山崎 私は若い頃に三菱商事の財務部にいて、ほとんどの銀行と付き合いがあったのですが、みんなが「住友銀行だけは特別だ」ということをそれぞれ違うエピソードで語るわけです。たとえばある人が、「取引先が倒産したときに住銀のバンカーはいち早く現場に行って、担保を先に押さえて行きやがった」と言えば、別の人は「銀行協会の中で検討事項があるときに、住銀だけが談合破り的なことをしてきた」と言う。
当時、どうも住友銀行は「暴れん坊」だとの意識が各行にあり、住銀もそう言われることを良しとしている行風がありました。
佐高 そうですね。もっと言えば、住友銀行は当時の住友グループの中でも異端の存在でした。
もともと住友グループの源流は金属鉱山会社にあり、「浮利を追わず」というのが伝統なんです。だから、グループトップたちは表向きは言わないけれど、実際に会って話を聞くと、「住銀はちょっとねぇ、行儀が悪いよね」と本音を漏らすんです。
山崎 私もそれは「実体験」しました。私は三菱商事を退職した後、いくつか転職をして住友信託銀行に勤めました。ちょうど金融再編があった年でしたが、当時の住友信託行内は、自分たちの業績が悪くなれば住友銀行に吸収されてしまうという強烈な危機感に満ちていたんです。
そして、住銀のような暴れん坊に吸収されたらどんな目に遭うかわからないので、住友信託の行員は何としてでも頑張って業績を上げようとした。笑い話のようですが、同じ住友グループ内でも住銀は恐怖の対象だったわけです。
佐高 住銀のえげつなさは「逃げの住銀」と言われていて、取引先の経営状況が悪くなると、人情のかけらもなく貸金をひきあげて真っ先に逃げるというのが定説でした。ちょうどイトマン事件の前後の頃、三菱銀行のトップが、「三菱の銀行マンはフロックコートを着て、立ち小便するようなマネはするな」と言ったそうなんですが、これも暗に住銀を指していた。
山崎 行風の違いの言われ方としては、「夜の10時の大阪で、住銀はまだ残業、三和は新地で飲んで、大和は家に帰っている」というのもありました。三和にも算盤を持った小悪党のような人が少なからずいましたが、闇の勢力と直接付き合うような迫力はなかった。それが、住銀だと必要があれば暴力団とも対峙する。良くも悪くも一歩踏み出していましたよね。

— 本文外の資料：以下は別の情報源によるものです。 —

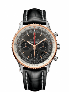 The Breitling Navitimer 1 B01 UB0121211F1P1 was introduced in 2018 as part of the complete revamp of the Breitling collection, as witnessed by the simplified B logo at 12:00. This version has a stainless steel case with red gold bezel, and a Stratos grey dial; it is fitted with a crocodile leather strap.

佐高 逆に言えば、その闇の部分を請け負うことでみずからの存在価値を高めようとする行員も出てくるわけです。たとえば住銀からイトマンに移った河村良彦社長などは、「伊藤寿永光とやりあうのは自分の専売特許だ」と考えていた。それが河村社長の存在証明であり、住銀会長だった磯田一郎から認められている部分だから、絶対にほかの行員たちに渡せない。
■権力の源泉は人事
山崎 はい。銀行というのはある種の宗教団体のようでもあり、軍隊のようでもあります。住友銀行であればまず住銀行員ということにアイデンティティと誇りを持ち、さらにその中で自分がどういう立場にあるかが彼らにとってなにより価値を持つ。当時の住銀の場合は特に、実力会長である磯田さんが人事権を握っているので、彼にいかに認めてもらうかが行員たちのすべての行動指針になってしまう。
佐高 山崎さんのおっしゃる通りで、彼らは住銀につかえていたわけじゃなくて、磯田につかえていたようなものです。当時の副頭取だった西貞三郎氏にしても同じで、河村社長と似たような「汚れ役」を引き受けることでみずからの存在証明をしていた。
磯田に対して「ほかのやつらの言うことは間違っているから聞くな」と必死になったのも、自分のバンカーとしての生き残りをかけていたからでしょう。結果として、そうした情報が磯田を惑わせ、間違った方向へと突き進ませるのが皮肉なわけですが。
山崎 正直、自分としてはあまりそこで働きたくないなと思いますね……。
まず入行した時点で何年入行、何大学卒という識別番号が付き一生ついて回る。さらに、人事異動や昇進などで最初から最後まで序列が付き、行員たちが互いにそれを意識し合う。そうして、いま自分はどういうポジションにあるかということばかりを意識して働く。人事というものがあまりに重すぎて、情けないほどに人事にだけ合理的なサラリーマン人生を強いられる。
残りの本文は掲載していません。